Reflecting on his book, Peter concludes that a person should have all the consensual adult sex possible, and society should cease to sex-shame individuals. Peter apologizes to his friends and eventually to Michelle. They enter into a relationship and she becomes pregnant with their child. Peter writes a book for teenage boys about how to become proper men, and he and Michelle live happily ever after.

==Production==
Alcon Entertainment acquired the film rights to the journalist Ken Baker's autobiographical book Man Made: A Memoir of My Body in 2008, with a script set to be written by Gary Rosen. The film would be based on the true story of Baker, who went through his puberty in three weeks at the age of 27. The delaying of his puberty and normal development was caused by a benign tumor in his brain. The film's titling as The Late Bloomer was first announced in January 2010, as Alcon was developing the film. At the time, Andrew Kosove and Broderick Johnson were attached as producers, and the studio was re-imagining the idea into a comedy by hiring Joe Nussbaum to write a new draft of the script.

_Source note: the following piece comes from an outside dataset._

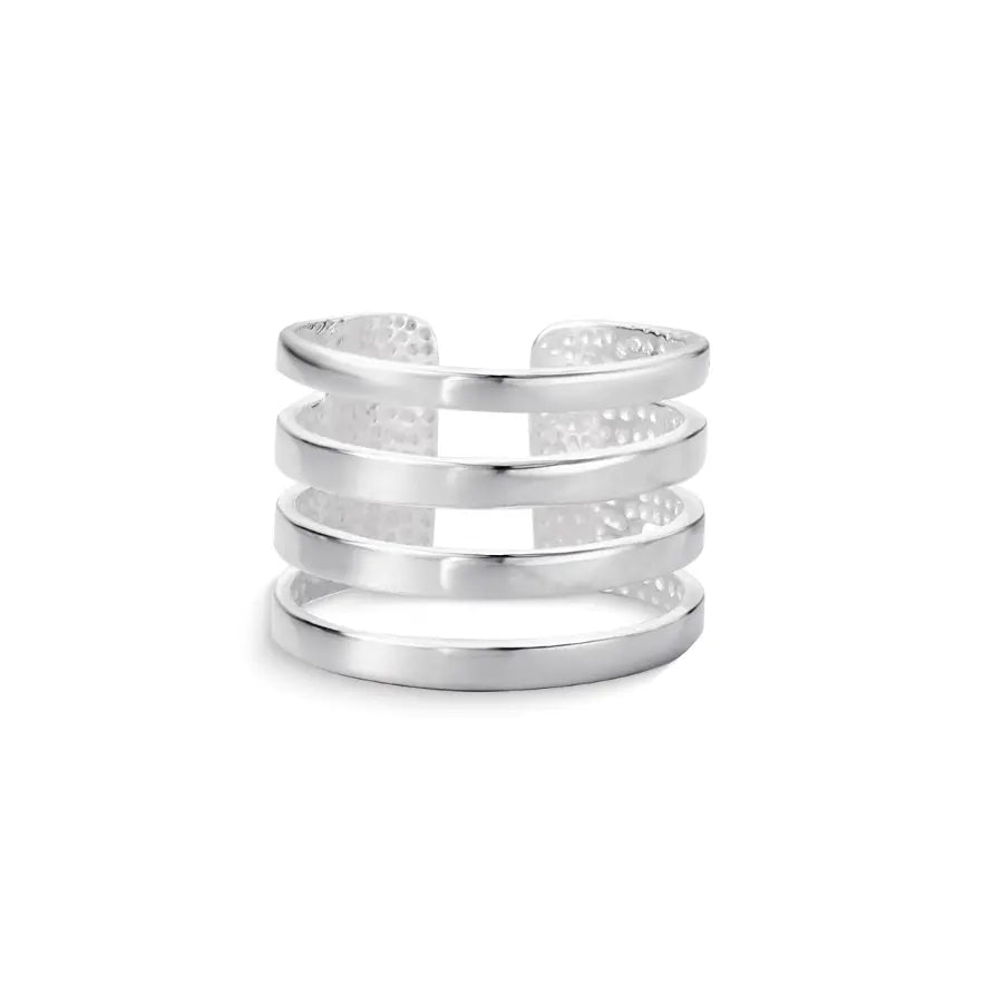 Sleek, simple, and effortlessly stylish. The 4-Layer Celestia Ring features a bold layered band that wraps your finger in modern elegance. Designed for women who love clean lines and timeless shine, it’s a versatile piece that makes a quiet statement, day or night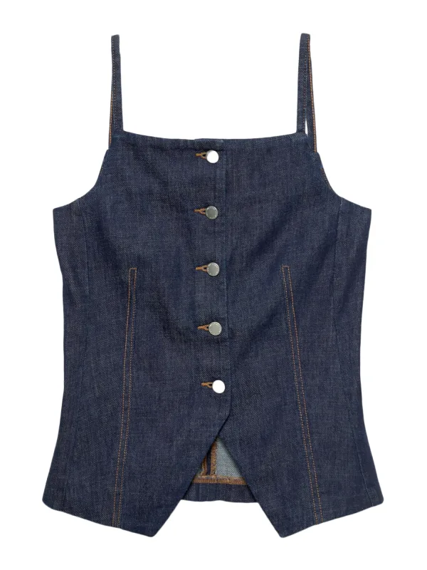 Design: Knop placket, Deelnaden, Uitgesneden rug; Type sluiting: Knoopsluiting; Voering: Niet gevoerd; Materiaal: Denim; Motief: Effen; Extra's: Contrasterende naden, Vaste grip; Pasvorm: Slanke pasvorm; Lengte: Normale lengte

In October 2012, it was announced that the film was to be directed by Randall Einhorn and would star Elijah Wood. The script had been written by Nussbaum, and rewritten by Paul A. Kaplan & Mark Torgove. The film was set to be produced by Jesse Israel of Ineffable Pictures and Brent Emery of Coup d'Etat Films, with financing by Dignity Film Finance.

In May 2015, it was announced that the film would now be directed by Kevin Pollak, making his narrative debut. Raphael Kryszek and Israel would produce the film for Ineffable, along with Heidi Jo Markel for Eclectic. In August 2015, a new cast was announced, including Johnny Simmons in the lead role of sex therapist Dr. Peter Newmans, whose experiences mirror those of Baker in real life. Jane Lynch would play Caroline, head of the office where he works, Maria Bello and J. K. Simmons his parents, Brittany Snow the woman he pursues, and Beck Bennett, Kumail Nanjiani, and Blake Cooper his friends. Other cast members include Paul Wesley, Ken Marino, Illeana Douglas, Charlotte McKinney, Vanessa Ragland, and Lenora Crichlow. The latest draft of the film was revealed to have been written by Kyle Cooper and Austyn Jeffs, and Conor Charles was announced as co-producer.

===Filming===
Principal photography on the film began in late August 2015 in Los Angeles, and wrapped in Bulgaria on September 5, 2015.

==Release and reception==
In April 2016, Momentum Pictures acquired U.S distribution rights to the film. It had its world premiere at the San Diego Film Festival on September 30, 2016, where it won Best Comedy. It was released in a theatrical limited release and through video on demand on October 7, 2016.

On review aggregator Rotten Tomatoes, the film holds an approval rating of 20% based on 10 reviews, with an average rating of 4.5/10. On Metacritic, the film has a weighted average score of 34 out of 100, based on 7 critics, indicating "generally unfavorable reviews".

The Hollywood Reporter wrote that while Johnny Simmons fits his role perfectly, and secondary actors such as J.K. Simmons, Jane Lynch, Laraine Newman, Illeana Douglas, Maria Bello and Brian Doyle-Murray, have fun in their stereotypical scenes, J.K. Simmons and Maria Bello in particular seem overqualified for their roles.